Klaassen Ilka, Neuhaus Thomas J, Mueller-Wiefel Dirk E, Kemper Markus J
Pediatric Nephrology, University Medical Center, Hamburg-Eppendorf, Martinistrasse 52, D-20246 Hamburg, Germany.
Nephrol Dial Transplant. 2007 Feb;22(2):432-9. doi: 10.1093/ndt/gfl591. Epub 2006 Oct 25.
Prognosis of fetuses with renal oligohydramnios (ROH) is often still regarded as poor. Neonatal complications and the long-term follow-up of fetuses with ROH in two pediatric centres are described. Method. 23 fetuses (16 males, 7 females) were included as patients. Primary diseases included congenital anomalies of the kidney and urinary tract (n = 16), autosomal recessive polycystic kidney disease (n = 4) and renal tubular dysgenesis (n = 3). The analysis includes retrospective chart review.
Seven children died (30%), the majority (n = 4, 17%) within the neonatal period due to pulmonary hypoplasia and renal insufficiency. Fourteen patients (61%) required postnatal mechanical ventilation for a median of 4 (range 1-60) days; 11 infants had an associated pneumothorax. All 16 surviving children have chronic kidney disease (CKD) at a current median age of 5.7 years (range 0.5-14.5), managed conservatively in eight patients [median glomerular filtration rate 51 (range 20-78) ml/min/1.73 m(2)]. Eight patients reached end-stage renal disease at a median age of 0.3 years (range 2 days to 8.3 years), including one patient with pre-emptive kidney transplantation. Five of the patients requiring dialysis underwent successful renal transplantation at a median age of 3.5 years (range 2.5-4). Growth was impaired in seven children requiring growth hormone treatment. Cognitive and motor development was normal in 12 (75%) of the 16 patients and showed a delay in four children, including two with associated syndromal features.
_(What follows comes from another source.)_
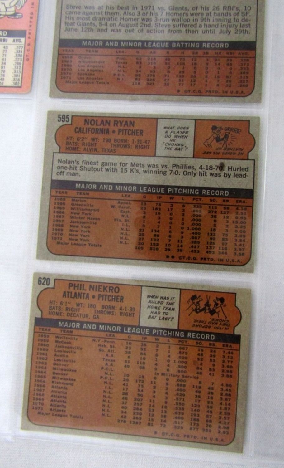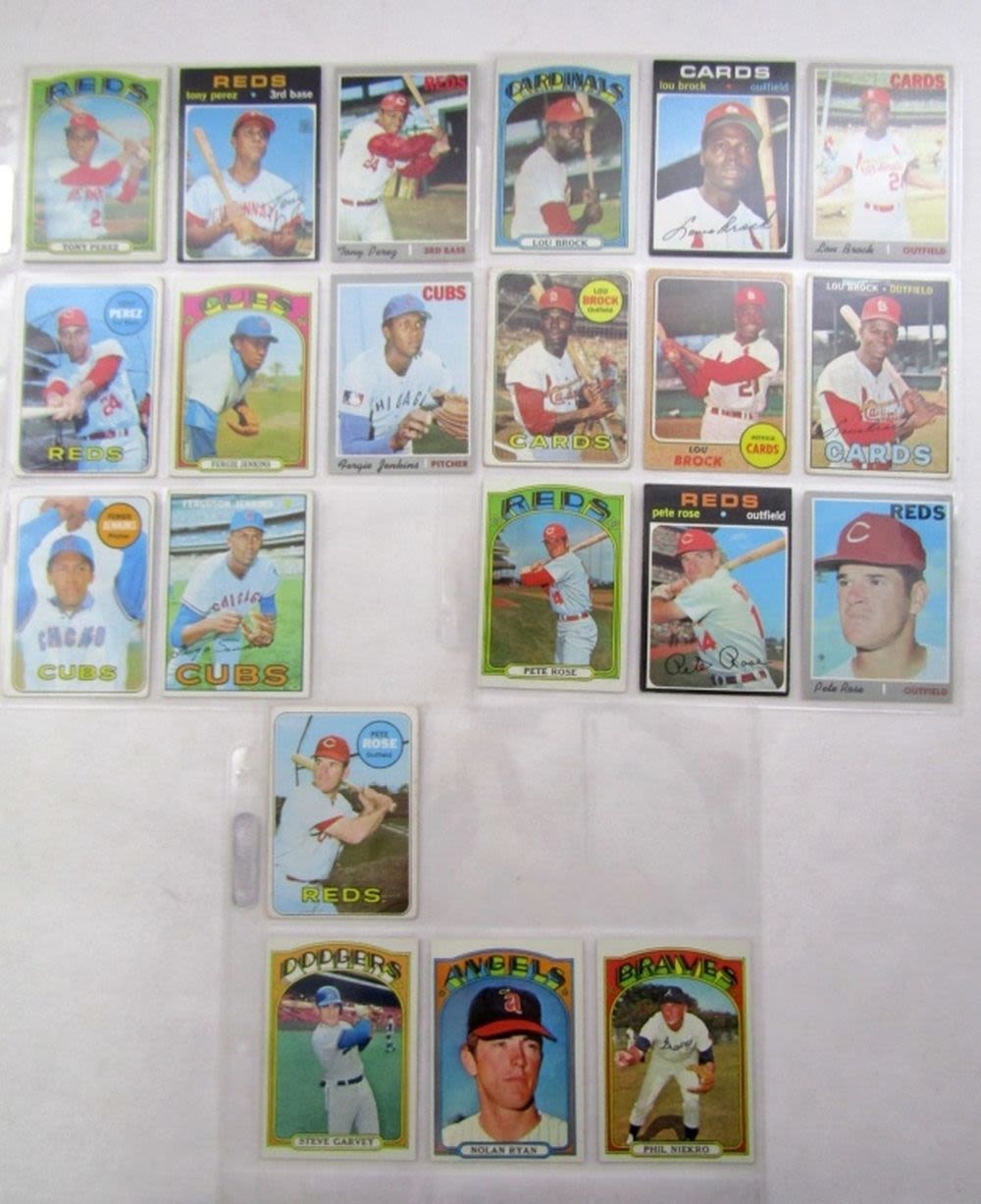 PETE ROSE, LOU BROCK, TONY PEREZ, FERGIE JENKINS, 1972 TOPPS RYAN, GARVEY, NIEKRO (nice ex++) – REST EX/VGEX

ROH is not always associated with a poor prognosis and long-term outcome in survivors is encouraging. The high incidence of neonatal complications and long-term morbidity due to CKD requires a multidisciplinary management of these children.
羊水过少胎儿(ROH)的预后通常仍被认为较差。本文描述了两个儿科中心中ROH胎儿的新生儿并发症及长期随访情况。方法:纳入23例胎儿(16例男性,7例女性)作为研究对象。主要疾病包括先天性肾和尿路畸形(n = 16)、常染色体隐性多囊肾病(n = 4)和肾小管发育不全(n = 3)。分析方法为回顾性病历审查。
7例患儿死亡(30%),其中大多数(n = 4,17%)在新生儿期因肺发育不全和肾功能不全死亡。14例患者(61%)出生后需要机械通气,中位时间为4天(范围1 - 60天);11例婴儿伴有气胸。16例存活儿童目前中位年龄为5.7岁(范围0.5 - 14.5岁)时均患有慢性肾脏病(CKD),8例患儿接受保守治疗[中位肾小球滤过率51(范围20 - 78)ml/min/1.73 m²]。8例患者在中位年龄0.3岁(范围2天至8.3岁)时发展为终末期肾病,其中1例患者接受了肾移植。5例需要透析的患者在中位年龄3.5岁(范围2.5 - 4岁)时成功接受了肾移植。7例需要生长激素治疗的儿童生长发育受损。16例患者中有12例(75%)认知和运动发育正常,4例儿童发育延迟,其中2例伴有相关综合征特征。
ROH并非总是与不良预后相关,幸存者的长期预后令人鼓舞。由于CKD导致的新生儿并发症和长期发病率较高,需要对这些儿童进行多学科管理。